На Неве были разведены мосты. Сумрак, в домах огни, на улицах фонари не зажжены. На правом берегу Невы, в большом, неуклюжем оперном театре на Кронверкском проспекте, допевал оперу «Демон» Шаляпин.
Билеты были проданы. Шаляпин допевал, и публика сидела.
Шел «Демон».
В Петербурге отряды, в Петербурге костры, по улицам ходит Маяковский. Он тогда много ходил по улицам, спорил, митинговал в маленьких, подвижных, легко рассыпающихся, непрерывных митингах.
У костра он встретил Александра Блока в форме военного чиновника. Может быть, в эту ночь без погон.
Блок в то время много ходил по улицам, заходил в кино.
Кино тогда звалось «синематограф». В маленьких, душных залах пели куплетисты.
На большой пустой Неве стояла «Аврора», подведя пушки почти к виску Зимнего дворца. Весь город готов был к отплытию, и только Демон на Петроградской стороне пел, не двигаясь.
Они ходили, два поэта, по улицам, говоря о революции, о самом главном для поэта.
Блока я видел с Маяковским потом еще несколько раз.
Александр Блок был высок ростом, голубоглаз, светловолос. Он говорил всегда тихим и спокойным голосом.
Он читал стихи так, как будто видел их перед собою написанными, но не очень крупно, читал внимательно.
Блок в революции нашел новый голос.
Ветер революции, прорываясь через поэта, гудит им, как мостом. Он проходит сквозь него, как дыхание через губы.
Блок написал «Двенадцать», и когда его спрашивали про Христа, который идет впереди красногвардейцев, он говорил тихим голосом:
– Я вглядываюсь и вижу – действительно так.
«Двенадцать» Блок никогда не читал. Он не мог поднять ее, не мог повторить ее.
Он работал в театре, потом читал чужие пьесы, ставил «Лира». Когда-то в деревне, перед крестьянами, с женой он играл «Гамлета», и в зале очень смеялись.
Матросы смеялись, когда Отелло душил Дездемону, не потому, что они не понимали ревности Отелло, а потому, что они смехом обозначали, что понимают условность сцены, смехом они как будто защищались от ужаса.
Это было время, когда в театре зрители спрашивали, удастся ли Хлестакову благополучно убежать от городничего.
На шиллеровских «Разбойниках» на слова разбойника: «Пули – наша амнистия» – начиналась овация зала.

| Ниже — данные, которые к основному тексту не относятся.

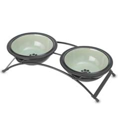 Choose from two diferent sized sets to customize your pets' needs. Each set includes two dishwasher safe stoneware bowls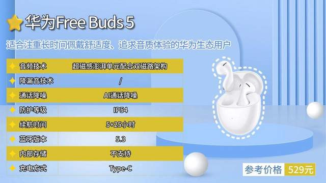 总结:华为FreeBuds5以舒适佩戴、高清音质与生态适配为核心竞争力。整体表现贴合日常使用需求,特别适合注重长时间佩戴舒适度、追求音质体验的华为生态用户,轻运动与通勤场景适配性突出。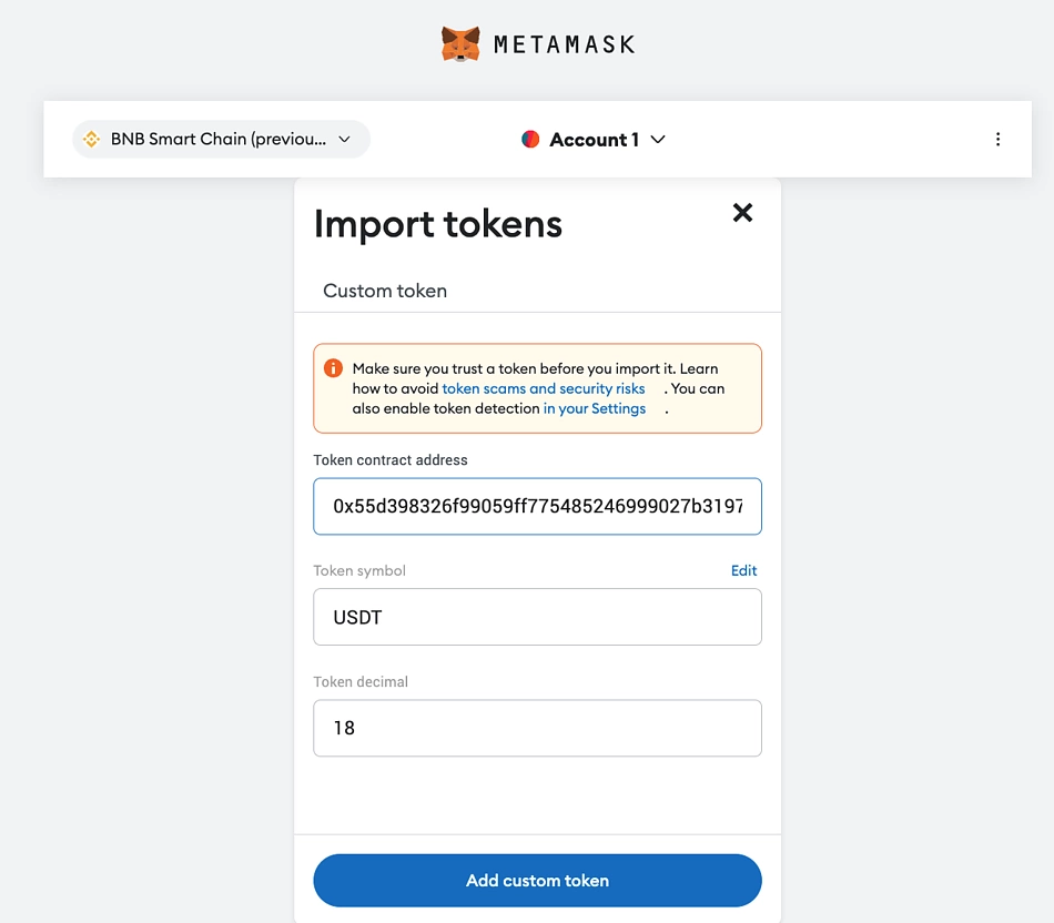 ในกรณีของกระเป๋าแบบ self-custody เช่น MetaMask คุณอาจต้องเพิ่ม Custom Token โดยตรวจสอบให้แน่ใจว่า คุณเลือกเครือข่ายที่ถูกต้องแล้ว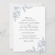 Den här vackra bröllopsinbjudan har en detaljerad utformning av blommigten i dammiga blått i hörnen på den övre lämnat högerna och grund, vilket skapar ett enkelt utseende på chicen. Ett färg-schema med vitt, dammigt blått och smutsat svart ge är en känslig men modern känsla. Anpassa bara texten till din speciella dag! Kontakta mig (Tracey) på orabellaprints@outlook.com för konstruktions- eller produktfrågor.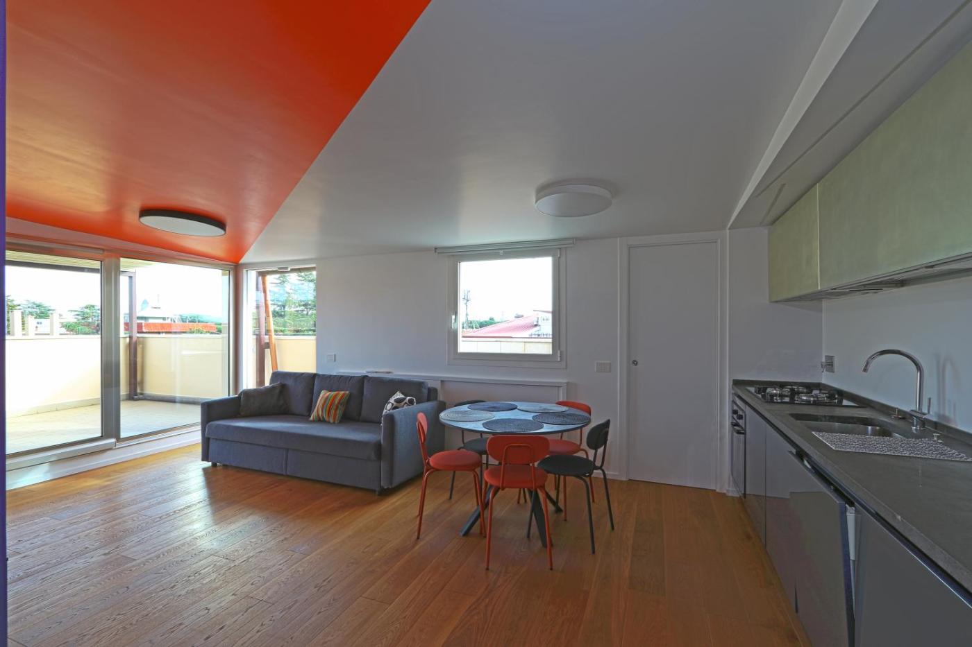 Appartamento con Terrazza. This spacious apartment includes 1 living room, 2 separate bedrooms and 2 bathrooms with a walk-in shower and bathrobes. In the kitchenette, guests will find a stovetop, a refrigerator, a dishwasher and kitchenware. This air-conditioned apartment features a dining area, a flat-screen TV with streaming services a washing machine and a terrace. The unit has 3 beds.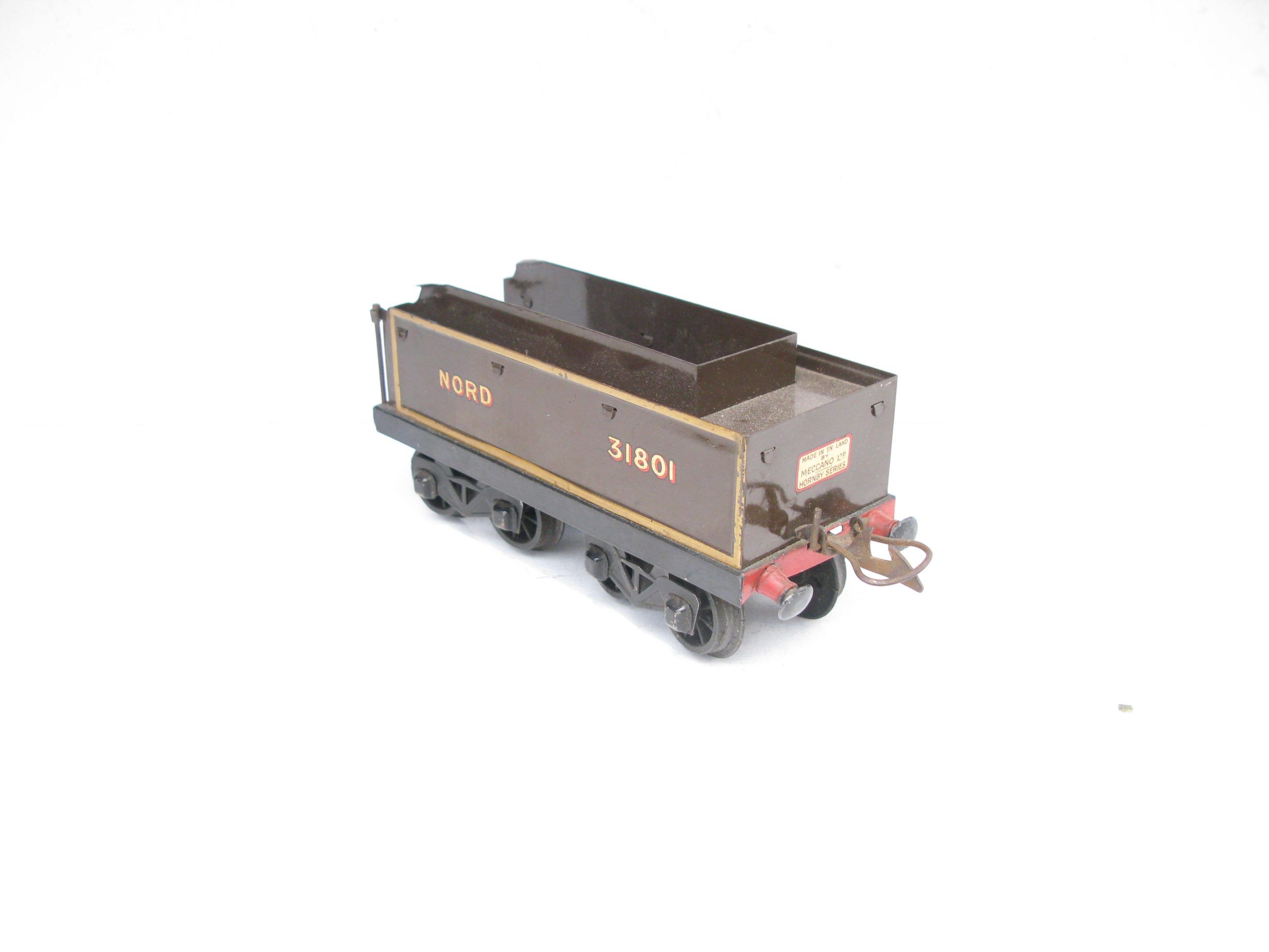 Hornby 0 Gauge No.3 Special Tender in NORD Brown No.31801 – unboxed – Here we have a spare No.3 Special Tender in lined NORD Brown No.31801 which is suitable for a No.3C (clockwork) or E (electric), ‘NORD’ Locomotives, The tender is in Excellent overall condition and ideal for any collector missing the tender. PLEASE NOTE this sale is for the Tender only so if you are looking for one to go with your Locomotive look no further.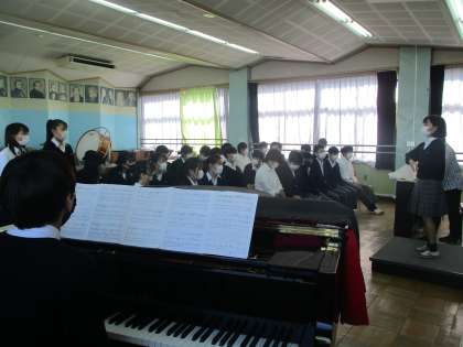 3年音楽 最後の最後まで完成に向けて頑張っていました。うまくいったときは、皆で拍手!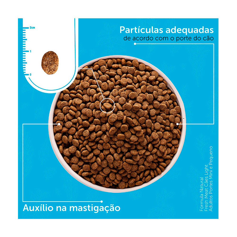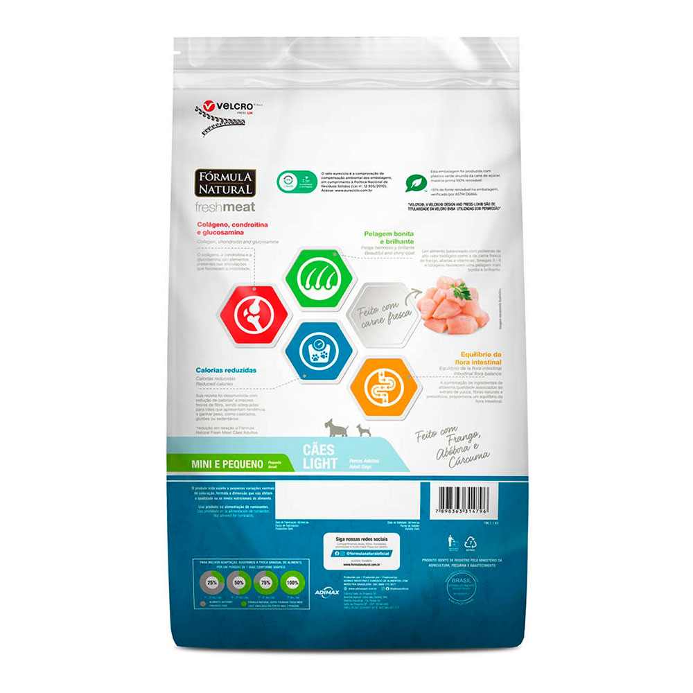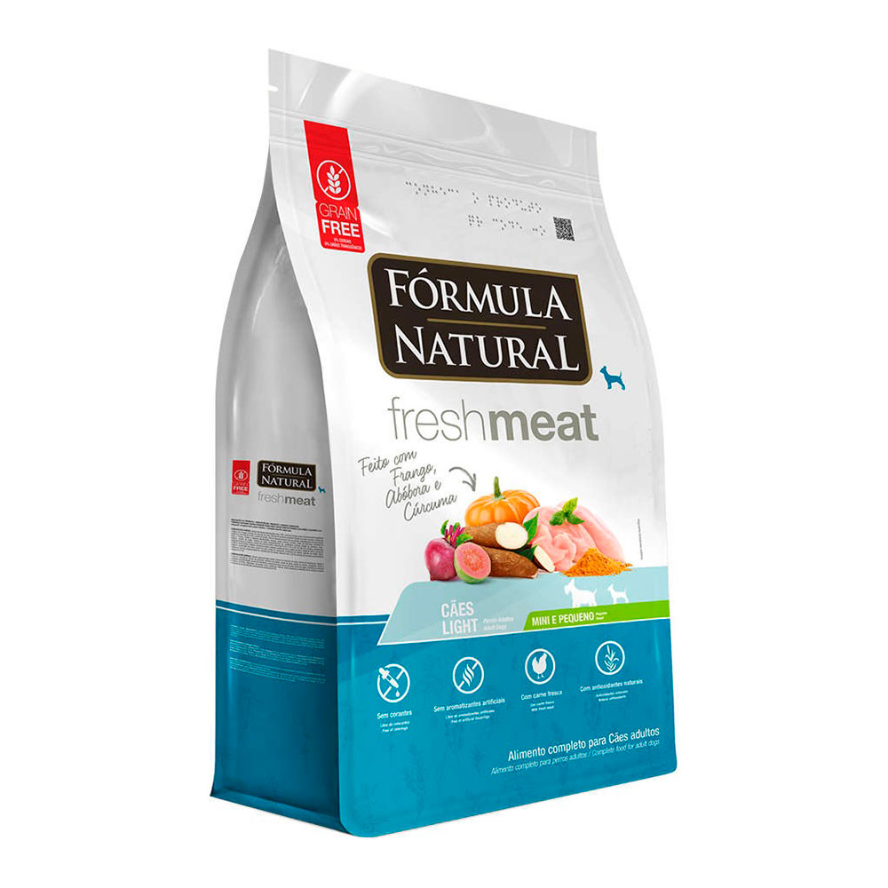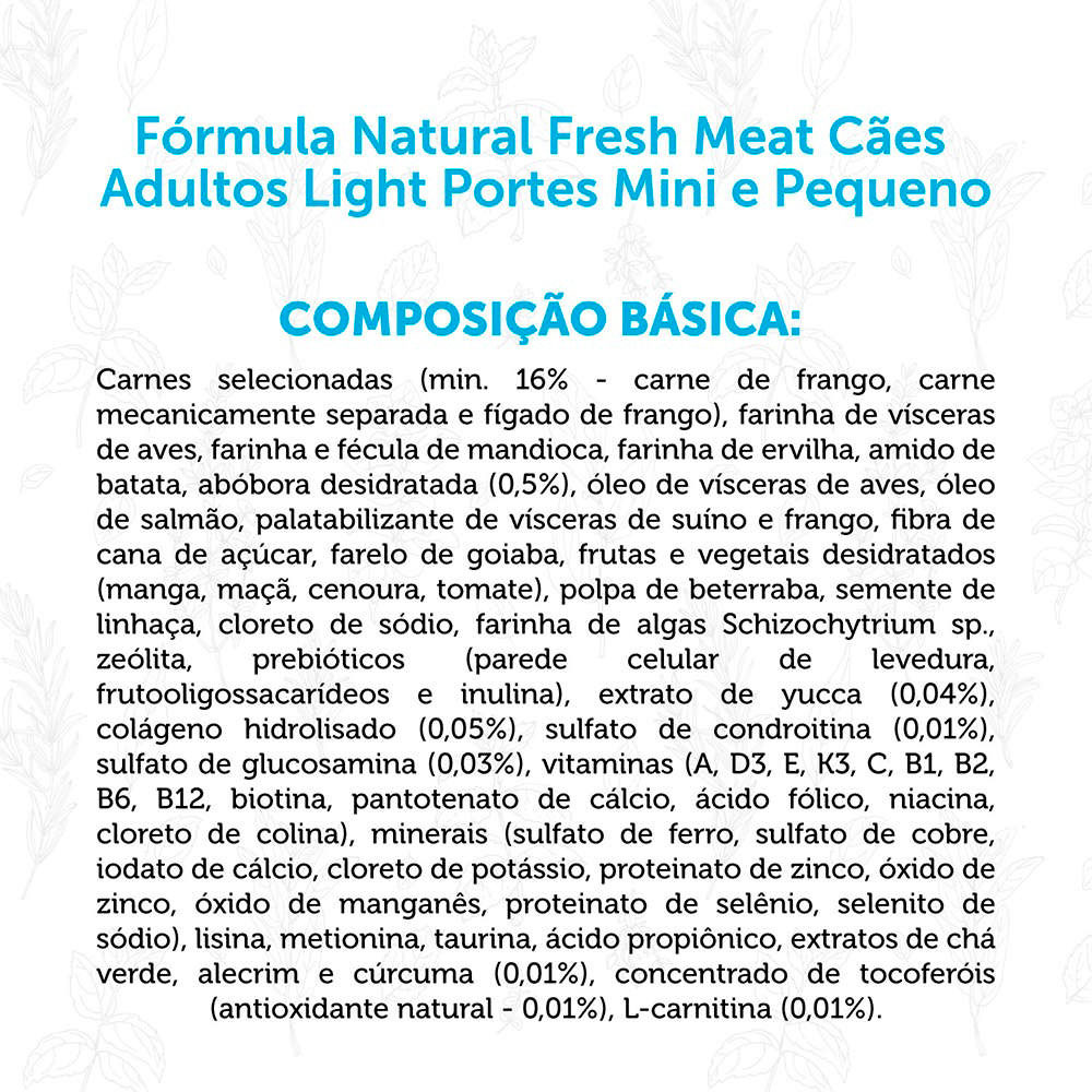 A Ração Fórmula Natural Fresh Meat Light Cães Mini e Pequeno Frango foi desenvolvida por médicos-veterinários utilizando os conceitos mais avançados de nutrição para sua elaboração. Com cortes diferentes de carnes, possui como diferencial uma grande variedade de frutas e vegetais, não utiliza grãos em sua composição.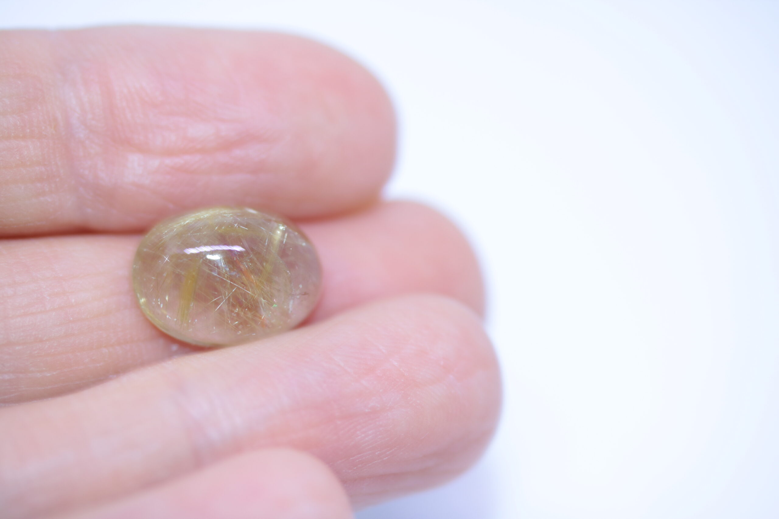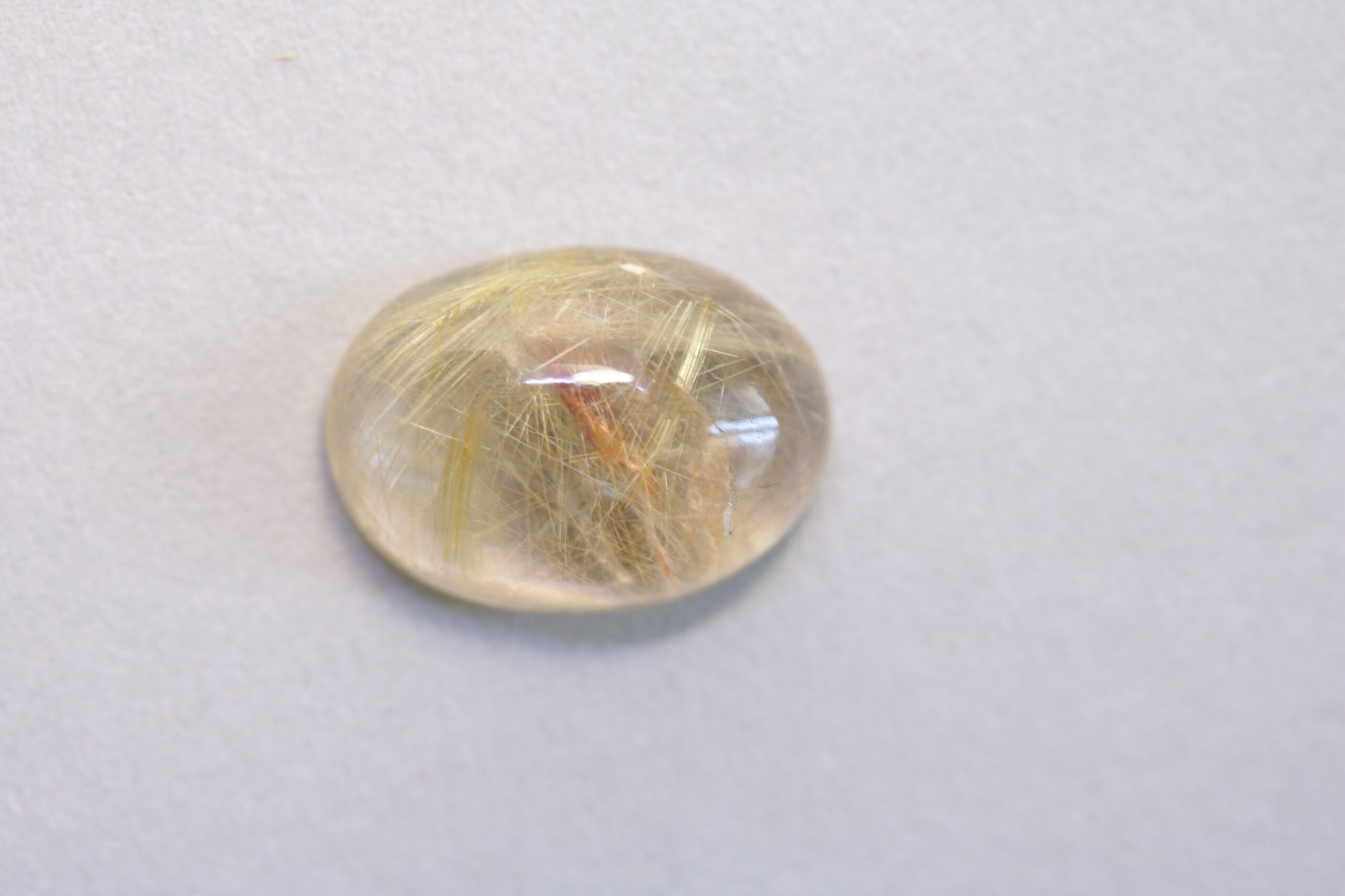 6,21 карата кварц златен рутилов; форма на шлифовка – овал кабушон; Размер 14,36 х 10,14 х 5,85 мм; Цвят – златен рутилов; Чистота – прозрачен; Произход-Индия
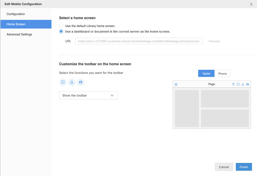 https://env-123456.customer.cloud.microstrategy.com/MicroStrategyLibrary/admin. - Ir a Configuración móvil.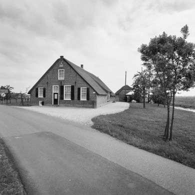 In oorsprong wellicht 17e eeuwse boerderij, behorend tot het middenlangsdeeltype van de hallehuisgroep, onder rieten wolfdak, met betrekkelijk lage zijmuren; het woongedeelte bevat rechts een onderkelderde opkamer met een negenruitsschuifvenster; de voorgevel bezit een gecementeerde plint, ontlas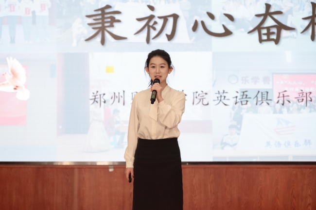 “活力社团”大赛学生代表李苗慧进行汇报展示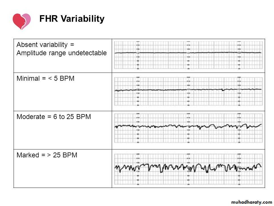 Normal variability (moderate variability): a bandwidth amplitude of 5-25 bpm, which reflect normal fetal autonomic nervous system.Reduced variability (minimal variability): variability amplitude below 5 bpm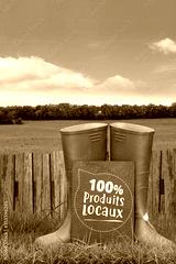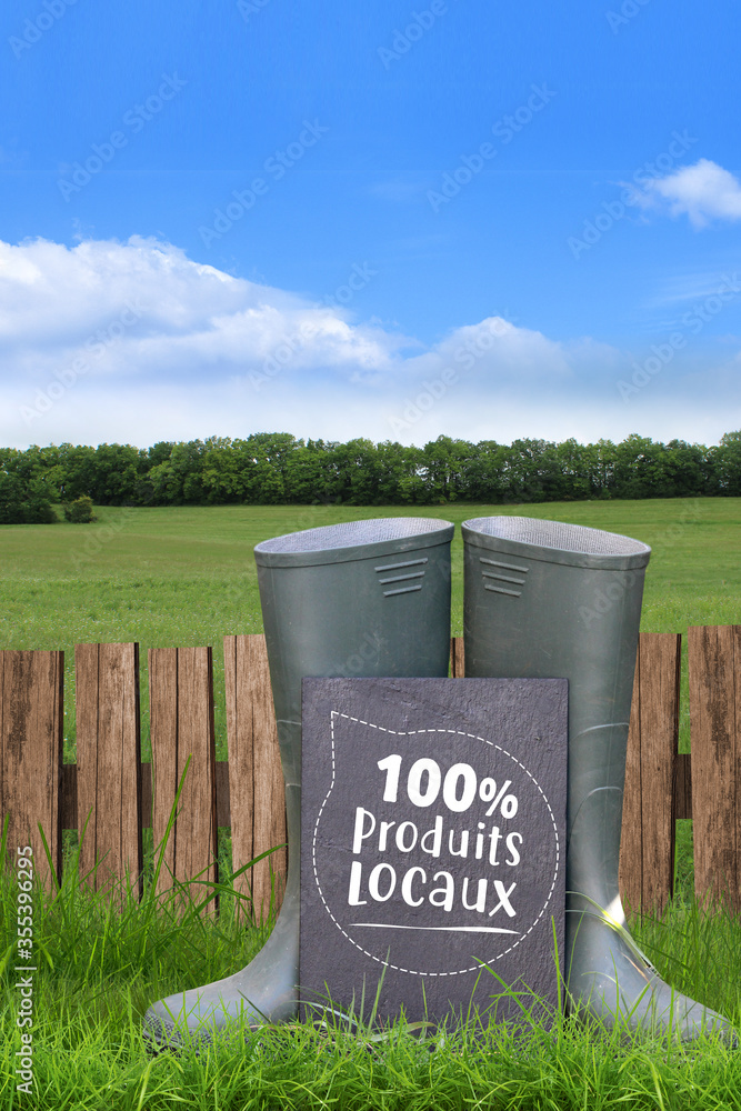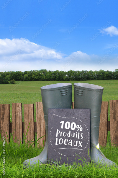 Bottes d'agriculteur dans l'herbe, produits locaux

Блок видел, слышал новую музыку времени, он отделился от своих друзей; он говорил: «К сожалению, большинство человечества – правые эсеры». Он отделился от знакомого ему человечества уже тогда, когда шел с человеком Маяковским.
Маяковский читал «Мистерию-Буфф».
Блок сказал:
– Мы были очень талантливы, но мы не гении. Вот вы отменяете нас. Я это понимаю, но я не рад. И потом мне жалко, что у вас рифмуется «булкою» и «булькая». Мне жалко и вас и себя, что мы радуемся булке.
Он был с новым человечеством, которое ему дало «Двенадцать» и «Скифов». Он не был отменен. Потому что искусство не проходит.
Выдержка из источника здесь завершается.